Flipping houses, capital asset or business operations
However, there is still a lot of confusion around taxes and flipping houses for profit. In many cases, real estate is considered a capital asset, and the sale of the home can qualify for preferential capital gain tax rates. However, when you’re in the trade or business of flipping houses for profit this may not be the case.
Normally, if you purchase a piece of real estate to fix up and sell it at later date, the profit is taxed under the capital gains rules. However, the IRS classifies individuals who actively purchase and remodel real estate for profit on a continuing basis as dealers rather than investors. For these people, the real estate is treated as inventory, rather than capital assets, and the profits on the sale of those properties is treated as ordinary income, subject to the self-employment tax.

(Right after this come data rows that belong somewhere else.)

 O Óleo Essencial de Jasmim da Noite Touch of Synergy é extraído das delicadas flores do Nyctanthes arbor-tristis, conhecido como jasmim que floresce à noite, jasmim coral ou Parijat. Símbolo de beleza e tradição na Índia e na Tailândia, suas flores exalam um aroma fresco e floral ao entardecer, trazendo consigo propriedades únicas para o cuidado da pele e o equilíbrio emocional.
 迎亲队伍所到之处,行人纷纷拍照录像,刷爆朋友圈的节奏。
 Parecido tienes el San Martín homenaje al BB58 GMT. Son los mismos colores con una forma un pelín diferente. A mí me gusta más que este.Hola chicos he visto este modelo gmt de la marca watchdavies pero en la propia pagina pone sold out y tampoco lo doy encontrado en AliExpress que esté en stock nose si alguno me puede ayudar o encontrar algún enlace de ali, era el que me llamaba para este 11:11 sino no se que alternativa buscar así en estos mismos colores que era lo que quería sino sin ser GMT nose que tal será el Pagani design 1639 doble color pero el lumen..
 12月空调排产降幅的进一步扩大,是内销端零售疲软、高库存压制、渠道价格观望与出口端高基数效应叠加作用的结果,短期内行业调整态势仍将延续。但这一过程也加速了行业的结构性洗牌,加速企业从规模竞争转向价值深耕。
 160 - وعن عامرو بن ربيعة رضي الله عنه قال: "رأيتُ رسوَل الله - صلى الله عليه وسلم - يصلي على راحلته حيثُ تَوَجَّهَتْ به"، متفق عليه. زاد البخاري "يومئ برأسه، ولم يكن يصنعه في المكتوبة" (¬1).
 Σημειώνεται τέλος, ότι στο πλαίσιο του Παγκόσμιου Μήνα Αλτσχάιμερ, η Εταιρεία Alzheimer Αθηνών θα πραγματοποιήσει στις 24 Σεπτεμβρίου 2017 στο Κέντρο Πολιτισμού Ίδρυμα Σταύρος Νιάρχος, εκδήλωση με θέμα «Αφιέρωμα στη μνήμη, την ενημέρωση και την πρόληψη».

Another source of confusion is that many potential flippers believe they can avoid taxation if they roll the proceeds of the sale into purchasing another project to flip (i.e., the property ladder theory). The truth is, if you’re considered to be in the trade or business of flipping real estate, this is not possible, as this treatment isn’t allowed for property held for resale.

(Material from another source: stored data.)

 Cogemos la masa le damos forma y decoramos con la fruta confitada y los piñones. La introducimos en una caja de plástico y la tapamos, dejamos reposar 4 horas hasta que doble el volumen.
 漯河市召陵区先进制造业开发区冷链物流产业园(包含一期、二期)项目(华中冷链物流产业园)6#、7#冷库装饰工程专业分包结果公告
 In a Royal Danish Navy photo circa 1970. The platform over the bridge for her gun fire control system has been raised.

House flipping is obviously a costly business, with numerous expenses incurred along the way. Most of these expenses are not immediately deductible. Instead, they must be capitalized into (i.e. added to) the basis (the original value) of the residence. Capitalized costs include:
- The cost of the home itself
- Direct materials
- Direct labor
- Utilities
- Rent
- Indirect labor
- Equipment depreciation
- Insurance
- Production period interest
- Real estate taxes allocable to each project
You then get a tax benefit from these expenses when you sell the property as the taxable gain is reduced by the amount of basis in property.